BACKGROUND: Dementia is a common chronic condition, mainly affecting older adults, characterised by a progressive decline in cognitive and functional abilities. Medical treatments for dementia are limited. Cannabinoids are being investigated for the treatment of dementia.
OBJECTIVES: To determine the efficacy and safety of cannabinoids for the treatment of dementia.
SEARCH METHODS: We searched ALOIS - the Cochrane Dementia and Cognitive Improvement Group's Specialised Register - on 8 July 2021, using the terms cannabis or cannabinoid or endocannabinoid or cannabidiol or THC or CBD or dronabinol or delta-9-tetrahydrocannabinol or marijuana or marihuana or hashish. The register contains records from all major healthcare databases (the Cochrane Library, MEDLINE, Embase, PsycINFO, CINAHL, LILACS), as well as from many clinical trials registries and grey literature sources.

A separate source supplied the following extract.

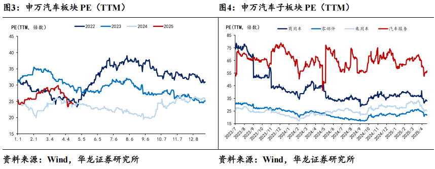 估值方面,截至2025年5月9日收盘,申万汽车板块PE为26.1倍, 较上周环比下跌。子板块中,乘用车/商用车/汽车零部件/汽车服务板块PE为26.6/34.6/24.3/49.2倍。

SELECTION CRITERIA: We included all randomised controlled trials (RCTs) of cannabinoids for the treatment of dementia. We included participants of any age and of either sex with diagnosed dementia of any subtype, or with unspecified dementia of any severity, from any setting. We considered studies of cannabinoids administered by any route, at any dose, for any duration, compared with placebo, no treatment, or any active control intervention.
DATA COLLECTION AND ANALYSIS: Two review authors independently screened and selected studies for inclusion, extracted data, and assessed the risk of bias in included studies. When necessary, other review authors were involved in reaching consensus decisions. We conducted meta-analyses using a generic inverse variance fixed-effect model to derive estimates of effect size. We used GRADE methods to assess our confidence in the effect estimates.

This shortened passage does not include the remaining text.